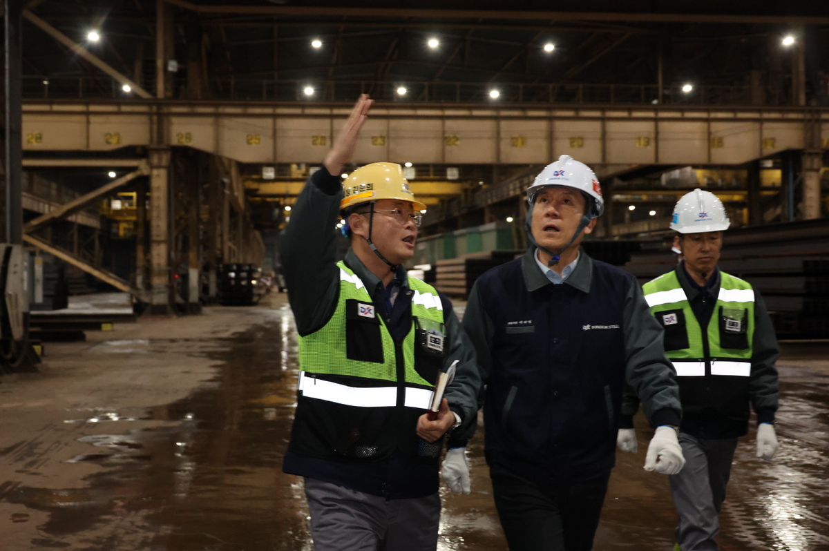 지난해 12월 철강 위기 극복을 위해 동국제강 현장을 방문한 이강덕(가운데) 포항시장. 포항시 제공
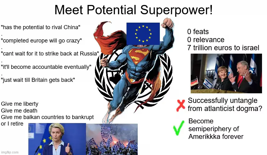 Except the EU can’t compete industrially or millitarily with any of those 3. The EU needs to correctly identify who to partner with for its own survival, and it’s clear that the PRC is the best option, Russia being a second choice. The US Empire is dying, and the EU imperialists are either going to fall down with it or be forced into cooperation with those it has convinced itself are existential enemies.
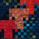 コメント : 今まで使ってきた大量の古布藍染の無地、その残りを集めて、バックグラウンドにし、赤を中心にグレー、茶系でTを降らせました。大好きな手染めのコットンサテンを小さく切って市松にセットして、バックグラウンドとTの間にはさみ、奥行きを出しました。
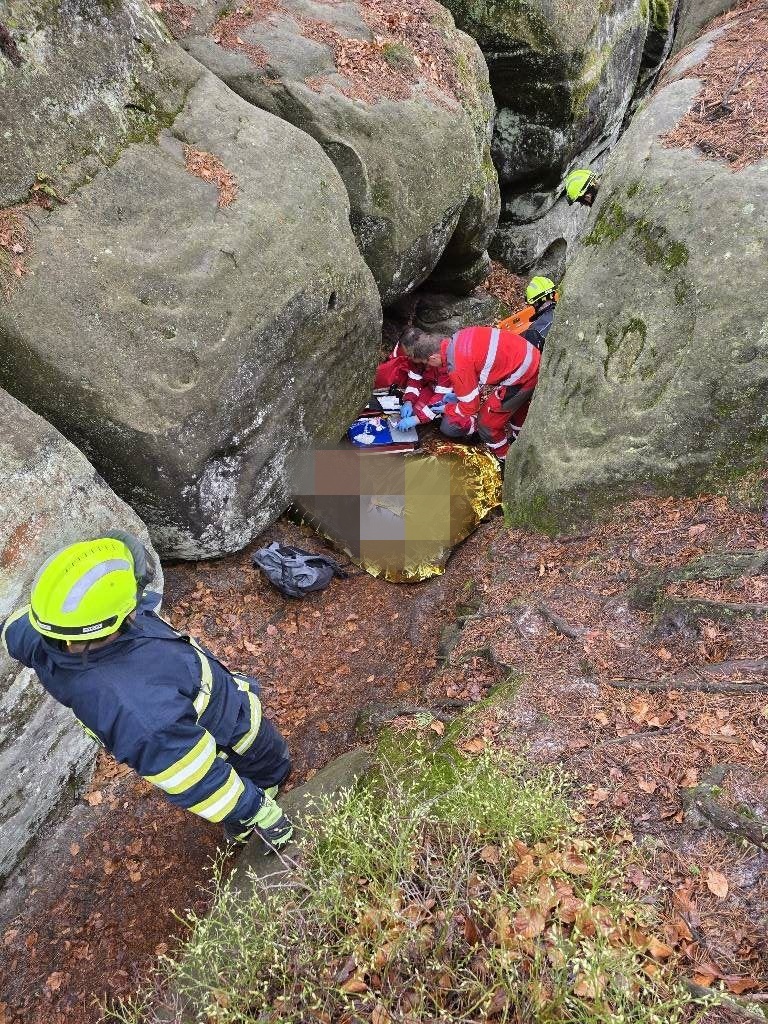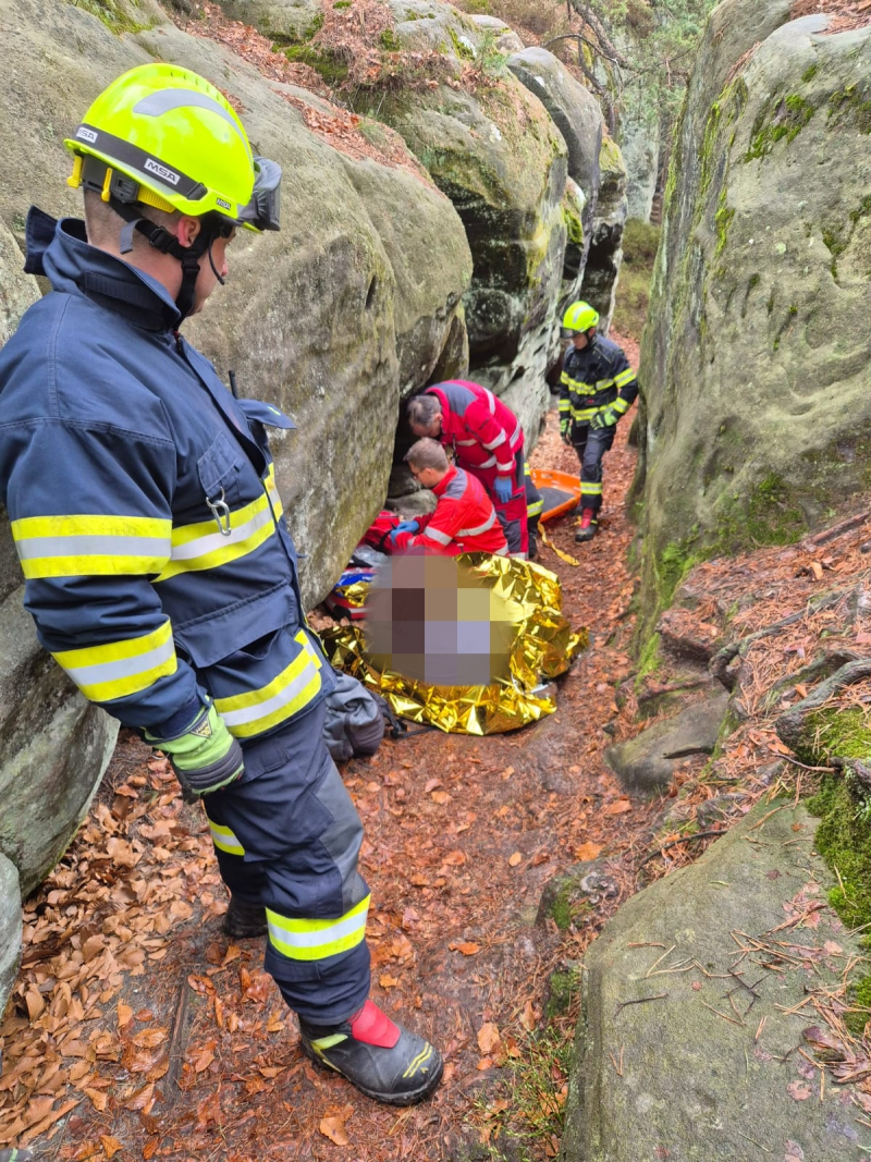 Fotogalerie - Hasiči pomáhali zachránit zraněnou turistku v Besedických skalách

**Your assignment:** Keep the pictures out while you retype all of the data above exactly as it appears.

**Answer area:**
 지난해 12월 철강 위기 극복을 위해 동국제강 현장을 방문한 이강덕(가운데) 포항시장. 포항시 제공
 Except the EU can’t compete industrially or millitarily with any of those 3. The EU needs to correctly identify who to partner with for its own survival, and it’s clear that the PRC is the best option, Russia being a second choice. The US Empire is dying, and the EU imperialists are either going to fall down with it or be forced into cooperation with those it has convinced itself are existential enemies.
 コメント : 今まで使ってきた大量の古布藍染の無地、その残りを集めて、バックグラウンドにし、赤を中心にグレー、茶系でTを降らせました。大好きな手染めのコットンサテンを小さく切って市松にセットして、バックグラウンドとTの間にはさみ、奥行きを出しました。
 Fotogalerie - Hasiči pomáhali zachránit zraněnou turistku v Besedických skalách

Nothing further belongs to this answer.